§ **Problem requirements**
In the entries that follow, the line with "West End Girls." opens the range and the line with "Un messaggio non" closes it; repeat that range exactly, both lines included.

--- Material for this task Enclosed Below ---

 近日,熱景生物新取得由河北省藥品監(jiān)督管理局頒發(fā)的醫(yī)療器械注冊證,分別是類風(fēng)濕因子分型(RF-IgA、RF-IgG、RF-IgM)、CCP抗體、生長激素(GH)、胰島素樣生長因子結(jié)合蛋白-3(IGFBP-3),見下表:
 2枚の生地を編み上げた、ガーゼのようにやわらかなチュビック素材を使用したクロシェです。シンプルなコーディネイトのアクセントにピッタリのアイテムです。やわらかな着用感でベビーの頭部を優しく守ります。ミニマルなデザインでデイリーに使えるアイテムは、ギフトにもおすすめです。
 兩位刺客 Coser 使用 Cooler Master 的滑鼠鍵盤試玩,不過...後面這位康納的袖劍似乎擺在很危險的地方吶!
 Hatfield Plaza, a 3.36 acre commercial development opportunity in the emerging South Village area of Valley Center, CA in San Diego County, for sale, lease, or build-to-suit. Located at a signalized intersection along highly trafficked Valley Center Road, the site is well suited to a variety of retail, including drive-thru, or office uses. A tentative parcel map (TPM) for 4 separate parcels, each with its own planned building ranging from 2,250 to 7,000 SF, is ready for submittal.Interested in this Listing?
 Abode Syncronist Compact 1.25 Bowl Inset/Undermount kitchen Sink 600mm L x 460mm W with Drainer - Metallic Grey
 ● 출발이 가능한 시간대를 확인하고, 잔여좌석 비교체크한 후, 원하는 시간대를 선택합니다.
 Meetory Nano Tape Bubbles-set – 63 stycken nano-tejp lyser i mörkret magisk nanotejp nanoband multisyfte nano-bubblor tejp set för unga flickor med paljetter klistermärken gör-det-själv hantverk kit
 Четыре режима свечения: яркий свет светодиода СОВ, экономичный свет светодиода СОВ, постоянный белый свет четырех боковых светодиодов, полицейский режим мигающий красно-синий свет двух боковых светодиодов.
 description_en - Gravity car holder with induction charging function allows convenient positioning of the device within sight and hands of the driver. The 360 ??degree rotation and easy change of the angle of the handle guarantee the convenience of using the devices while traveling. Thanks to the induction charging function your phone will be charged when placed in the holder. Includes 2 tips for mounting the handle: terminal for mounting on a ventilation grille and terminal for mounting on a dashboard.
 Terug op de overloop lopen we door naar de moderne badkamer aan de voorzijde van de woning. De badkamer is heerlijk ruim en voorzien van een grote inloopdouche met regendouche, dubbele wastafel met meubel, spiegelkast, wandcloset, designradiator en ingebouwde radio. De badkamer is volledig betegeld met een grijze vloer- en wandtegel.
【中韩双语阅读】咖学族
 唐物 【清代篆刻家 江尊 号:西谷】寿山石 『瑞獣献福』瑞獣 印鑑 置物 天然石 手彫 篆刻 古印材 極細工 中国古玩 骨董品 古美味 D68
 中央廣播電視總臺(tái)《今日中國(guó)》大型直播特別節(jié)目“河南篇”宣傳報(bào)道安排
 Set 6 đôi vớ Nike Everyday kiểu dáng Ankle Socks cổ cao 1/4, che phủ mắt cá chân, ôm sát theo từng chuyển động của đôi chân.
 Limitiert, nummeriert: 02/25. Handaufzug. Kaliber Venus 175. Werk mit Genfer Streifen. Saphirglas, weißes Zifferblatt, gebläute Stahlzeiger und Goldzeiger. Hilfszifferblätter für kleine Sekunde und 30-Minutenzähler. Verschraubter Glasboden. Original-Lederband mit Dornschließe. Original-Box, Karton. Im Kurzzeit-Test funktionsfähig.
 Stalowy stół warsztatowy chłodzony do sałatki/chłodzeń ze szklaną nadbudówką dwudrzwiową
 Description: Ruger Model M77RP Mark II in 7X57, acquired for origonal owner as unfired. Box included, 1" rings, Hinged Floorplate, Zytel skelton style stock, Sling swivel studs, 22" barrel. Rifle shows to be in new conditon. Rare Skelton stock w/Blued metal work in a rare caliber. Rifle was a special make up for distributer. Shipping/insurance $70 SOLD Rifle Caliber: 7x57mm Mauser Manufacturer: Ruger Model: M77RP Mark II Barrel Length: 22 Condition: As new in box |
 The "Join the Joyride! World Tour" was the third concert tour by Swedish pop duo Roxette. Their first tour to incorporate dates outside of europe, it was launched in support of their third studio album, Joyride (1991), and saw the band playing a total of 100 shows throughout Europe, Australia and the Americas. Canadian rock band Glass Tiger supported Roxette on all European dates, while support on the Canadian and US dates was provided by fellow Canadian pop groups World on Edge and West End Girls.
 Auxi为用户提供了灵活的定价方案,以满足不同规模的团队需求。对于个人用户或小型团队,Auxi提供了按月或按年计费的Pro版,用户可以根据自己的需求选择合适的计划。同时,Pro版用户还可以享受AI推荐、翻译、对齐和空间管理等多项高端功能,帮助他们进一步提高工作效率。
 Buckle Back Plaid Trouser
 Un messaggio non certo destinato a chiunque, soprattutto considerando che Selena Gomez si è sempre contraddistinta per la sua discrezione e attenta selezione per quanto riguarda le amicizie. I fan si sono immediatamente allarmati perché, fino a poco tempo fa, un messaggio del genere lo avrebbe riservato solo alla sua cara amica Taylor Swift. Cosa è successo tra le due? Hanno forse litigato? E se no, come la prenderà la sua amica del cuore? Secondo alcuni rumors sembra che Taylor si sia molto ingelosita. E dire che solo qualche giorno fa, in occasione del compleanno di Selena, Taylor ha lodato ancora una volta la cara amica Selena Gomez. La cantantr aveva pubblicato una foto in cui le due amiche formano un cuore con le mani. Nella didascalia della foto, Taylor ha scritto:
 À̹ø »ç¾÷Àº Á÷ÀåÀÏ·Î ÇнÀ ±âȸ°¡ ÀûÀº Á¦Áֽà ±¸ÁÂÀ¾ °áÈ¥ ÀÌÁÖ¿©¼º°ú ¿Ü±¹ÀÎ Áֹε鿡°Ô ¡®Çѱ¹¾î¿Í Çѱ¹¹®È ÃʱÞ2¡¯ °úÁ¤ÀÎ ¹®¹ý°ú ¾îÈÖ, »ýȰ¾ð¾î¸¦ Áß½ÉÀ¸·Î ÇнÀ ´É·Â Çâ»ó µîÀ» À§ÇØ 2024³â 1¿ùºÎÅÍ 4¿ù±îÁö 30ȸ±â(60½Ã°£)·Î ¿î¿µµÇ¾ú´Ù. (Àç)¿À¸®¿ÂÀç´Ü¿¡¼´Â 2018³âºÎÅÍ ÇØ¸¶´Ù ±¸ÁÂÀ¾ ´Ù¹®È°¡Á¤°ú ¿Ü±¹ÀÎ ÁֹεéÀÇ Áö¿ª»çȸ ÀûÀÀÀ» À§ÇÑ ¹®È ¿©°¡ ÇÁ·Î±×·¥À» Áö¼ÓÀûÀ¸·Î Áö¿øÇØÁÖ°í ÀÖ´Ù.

--- End of Enclosed Material for this task ---

§ **Task result**
 The "Join the Joyride! World Tour" was the third concert tour by Swedish pop duo Roxette. Their first tour to incorporate dates outside of europe, it was launched in support of their third studio album, Joyride (1991), and saw the band playing a total of 100 shows throughout Europe, Australia and the Americas. Canadian rock band Glass Tiger supported Roxette on all European dates, while support on the Canadian and US dates was provided by fellow Canadian pop groups World on Edge and West End Girls.
 Auxi为用户提供了灵活的定价方案,以满足不同规模的团队需求。对于个人用户或小型团队,Auxi提供了按月或按年计费的Pro版,用户可以根据自己的需求选择合适的计划。同时,Pro版用户还可以享受AI推荐、翻译、对齐和空间管理等多项高端功能,帮助他们进一步提高工作效率。
 Buckle Back Plaid Trouser
 Un messaggio non certo destinato a chiunque, soprattutto considerando che Selena Gomez si è sempre contraddistinta per la sua discrezione e attenta selezione per quanto riguarda le amicizie. I fan si sono immediatamente allarmati perché, fino a poco tempo fa, un messaggio del genere lo avrebbe riservato solo alla sua cara amica Taylor Swift. Cosa è successo tra le due? Hanno forse litigato? E se no, come la prenderà la sua amica del cuore? Secondo alcuni rumors sembra che Taylor si sia molto ingelosita. E dire che solo qualche giorno fa, in occasione del compleanno di Selena, Taylor ha lodato ancora una volta la cara amica Selena Gomez. La cantantr aveva pubblicato una foto in cui le due amiche formano un cuore con le mani. Nella didascalia della foto, Taylor ha scritto:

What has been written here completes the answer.